Extracted data:
────────────────────

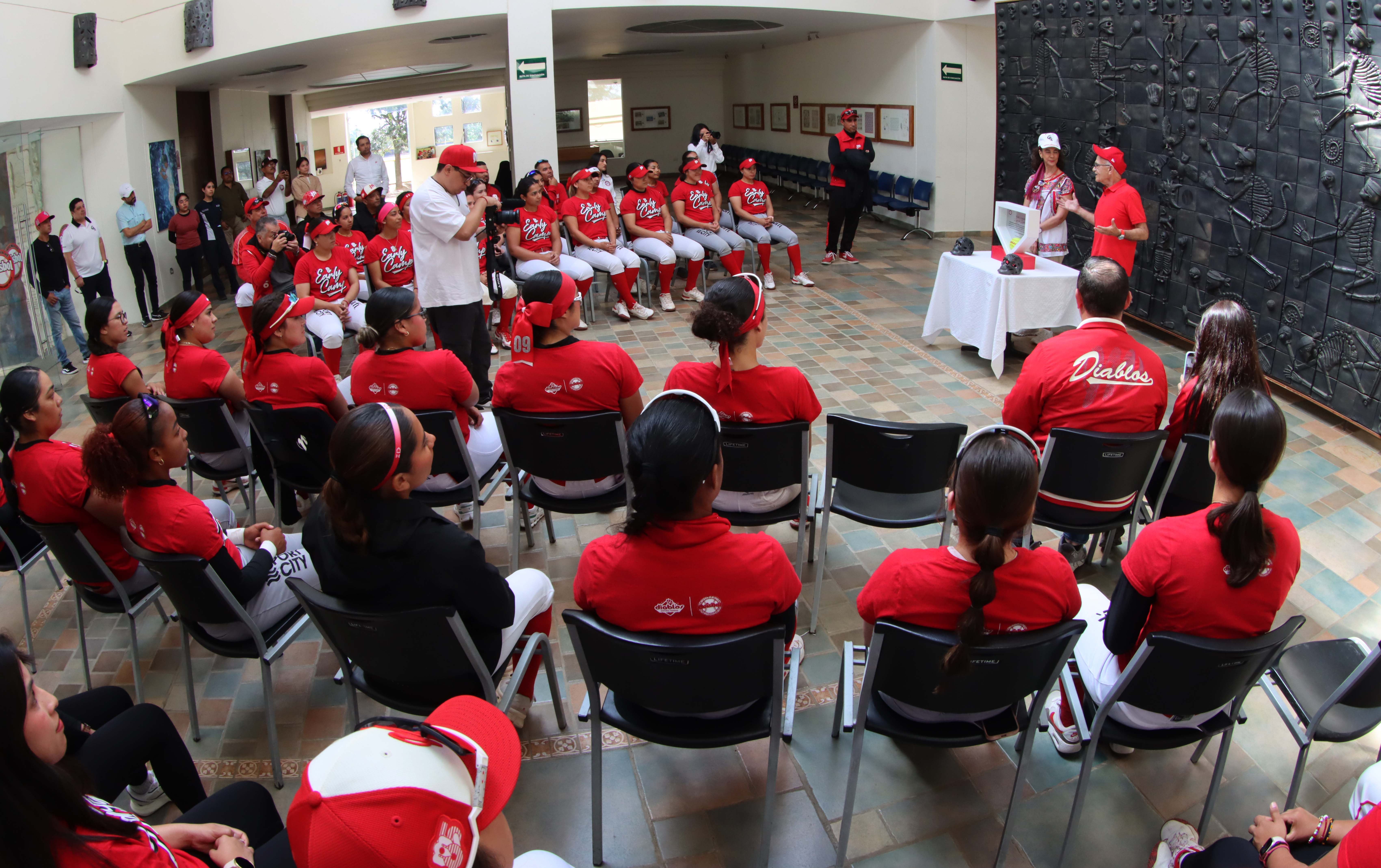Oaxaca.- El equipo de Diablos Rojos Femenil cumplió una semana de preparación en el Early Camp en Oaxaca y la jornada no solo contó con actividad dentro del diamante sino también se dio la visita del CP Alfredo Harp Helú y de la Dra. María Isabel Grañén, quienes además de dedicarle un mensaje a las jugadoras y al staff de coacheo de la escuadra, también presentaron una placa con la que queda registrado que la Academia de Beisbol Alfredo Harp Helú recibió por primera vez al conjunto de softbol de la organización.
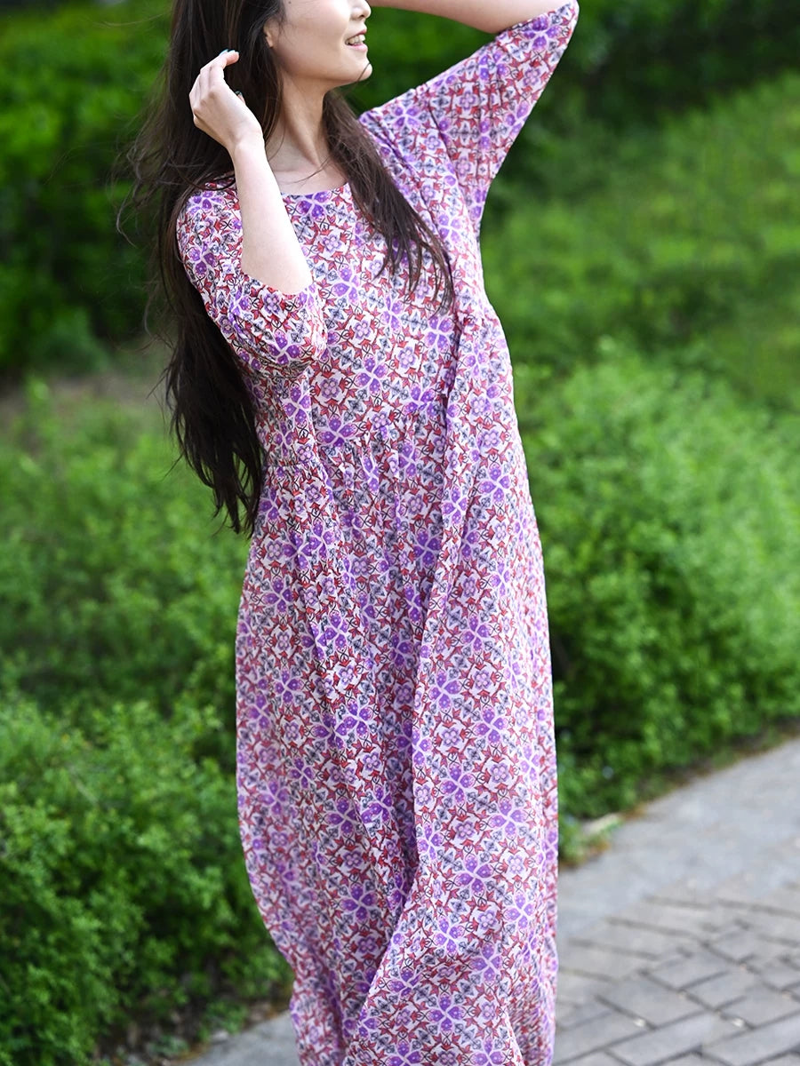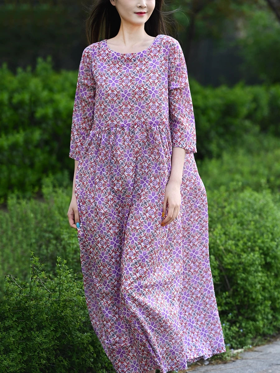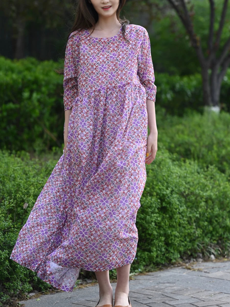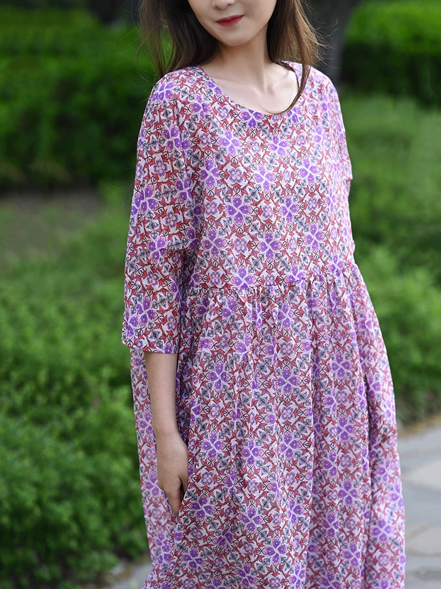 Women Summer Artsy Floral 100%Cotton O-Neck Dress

────────────────────

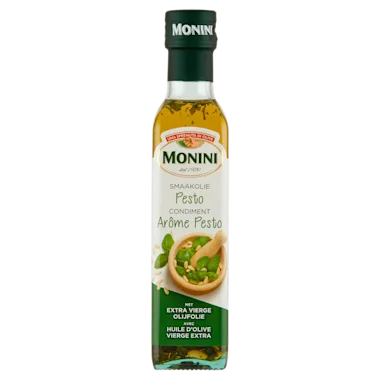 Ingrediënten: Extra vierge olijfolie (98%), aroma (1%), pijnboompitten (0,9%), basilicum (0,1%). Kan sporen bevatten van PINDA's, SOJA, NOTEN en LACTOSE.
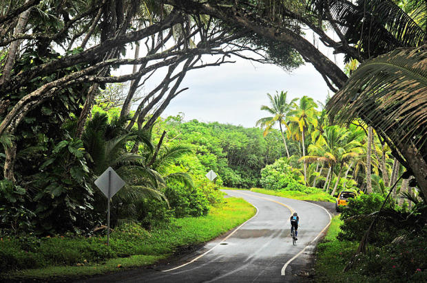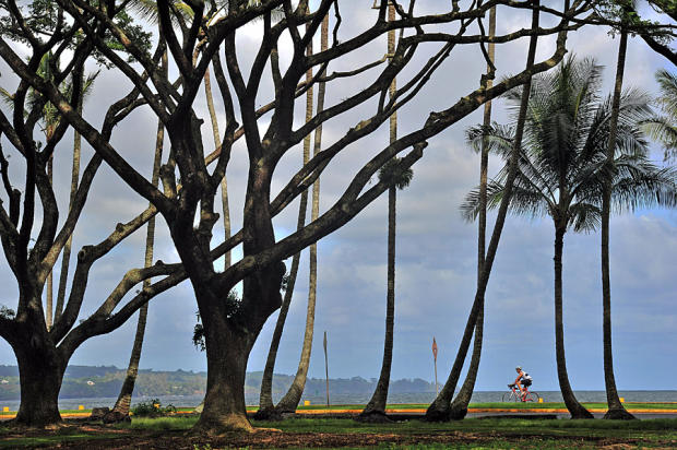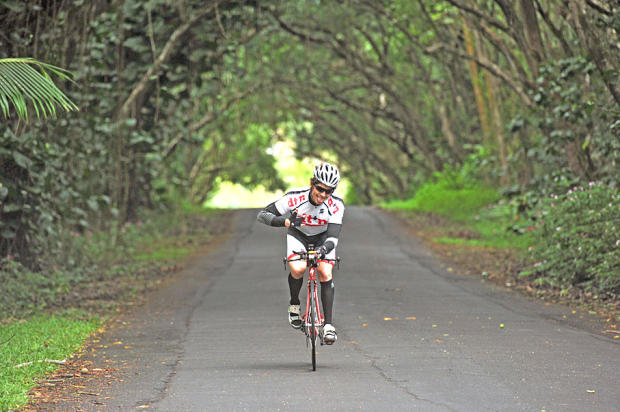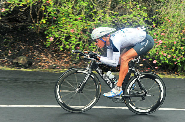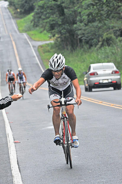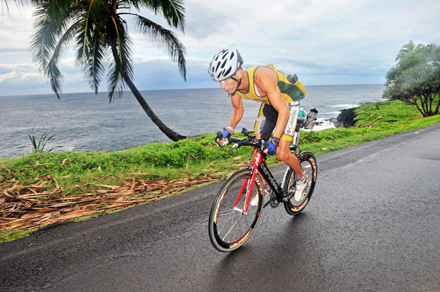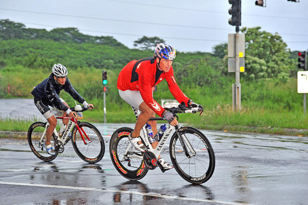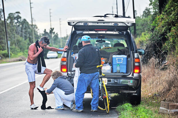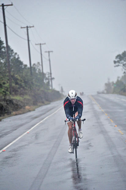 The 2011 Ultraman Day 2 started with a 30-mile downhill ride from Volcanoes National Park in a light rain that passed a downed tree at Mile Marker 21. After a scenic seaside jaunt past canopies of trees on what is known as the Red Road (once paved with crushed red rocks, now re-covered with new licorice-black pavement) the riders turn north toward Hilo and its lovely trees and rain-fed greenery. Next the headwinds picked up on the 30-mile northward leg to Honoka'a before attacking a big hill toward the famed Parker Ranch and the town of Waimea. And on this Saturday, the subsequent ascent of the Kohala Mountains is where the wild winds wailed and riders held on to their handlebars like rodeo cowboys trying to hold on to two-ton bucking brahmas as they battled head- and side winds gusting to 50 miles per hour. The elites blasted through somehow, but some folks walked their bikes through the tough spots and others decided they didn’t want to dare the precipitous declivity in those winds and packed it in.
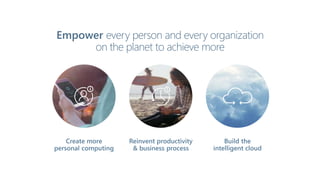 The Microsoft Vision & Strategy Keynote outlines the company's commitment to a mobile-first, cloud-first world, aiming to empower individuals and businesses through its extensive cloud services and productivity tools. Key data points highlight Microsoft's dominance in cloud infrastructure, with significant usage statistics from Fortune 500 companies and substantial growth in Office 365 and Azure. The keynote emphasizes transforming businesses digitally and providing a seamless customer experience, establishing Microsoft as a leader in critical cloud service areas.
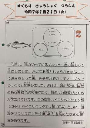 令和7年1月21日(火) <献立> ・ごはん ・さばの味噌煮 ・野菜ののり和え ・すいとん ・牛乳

────────────────────

Assignment: Look above for the line with "Oaxaca.- El equipo", then give again exactly every line from there through the line with "Women Summer Artsy", skipping the pictures.

Exercise result:
Oaxaca.- El equipo de Diablos Rojos Femenil cumplió una semana de preparación en el Early Camp en Oaxaca y la jornada no solo contó con actividad dentro del diamante sino también se dio la visita del CP Alfredo Harp Helú y de la Dra. María Isabel Grañén, quienes además de dedicarle un mensaje a las jugadoras y al staff de coacheo de la escuadra, también presentaron una placa con la que queda registrado que la Academia de Beisbol Alfredo Harp Helú recibió por primera vez al conjunto de softbol de la organización.
 Women Summer Artsy Floral 100%Cotton O-Neck Dress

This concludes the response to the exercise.